40. Marah (2)

4.1K 544 66
                                    

Aku sedang kesal. Seijuro terlambat menjemputku, ia melupakanku di rumah yang sudah berias cantik dan malah mengadakan rapat di kantornya.

Suamiku berjanji menjemputku jam sepuluh siang untuk mengantarkanku belanja bulanan, tapi ia lupa dan otomatis mematikan handphonenya saat rapat itu.

Tiga jam kemudian Seijuro baru menelepon lagi dan memintaku untuk bersiap-siap kembali.

“Aku benar-benar lupa, [Name]” ucapnya dengan nada menyesal.

Kedua tangannya masih setia di atas roda kemudi, arah pandangannya terfokus pada jalanan di depan namun sesekali melirikku dengan khawatir.

Aku tidak menggubrisnya, pemandangan di balik kaca lebih menarik dari suamiku sendiri.

“Kamu marah?” tanyanya sambil menyetir dengan telaten.

Kurasakan pundakku disentuhnya dengan satu tangan, tapi aku berkelit seolah tidak suka sentuhannya.

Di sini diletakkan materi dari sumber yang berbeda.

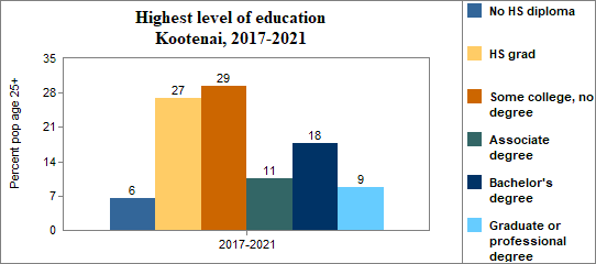 Educational attainment refers to the highest level of school completed. In Kootenai between 2017-2021 . . .

“Jangan marah, Kamu pengen apa?”

Aku masih diam.

Seijuro mengentikan mobilnya di tepi jalan, ia menghela napas seolah bebannya tambah berat. Satu tangannya mencengkram kepalaku, tidak kasar tapi cukup kuat untuk memutarnya agar berhadapan dengan Seijuro, lalu kedua tangan besarnya menangkup kedua pipiku dengan lembut.

“Lihat aku, [Name]! Aku salah, jadi aku minta maaf.” ujarnya.

Aku terdiam.

“Sebagai tanda minta maafku, Kau boleh minta sesuatu”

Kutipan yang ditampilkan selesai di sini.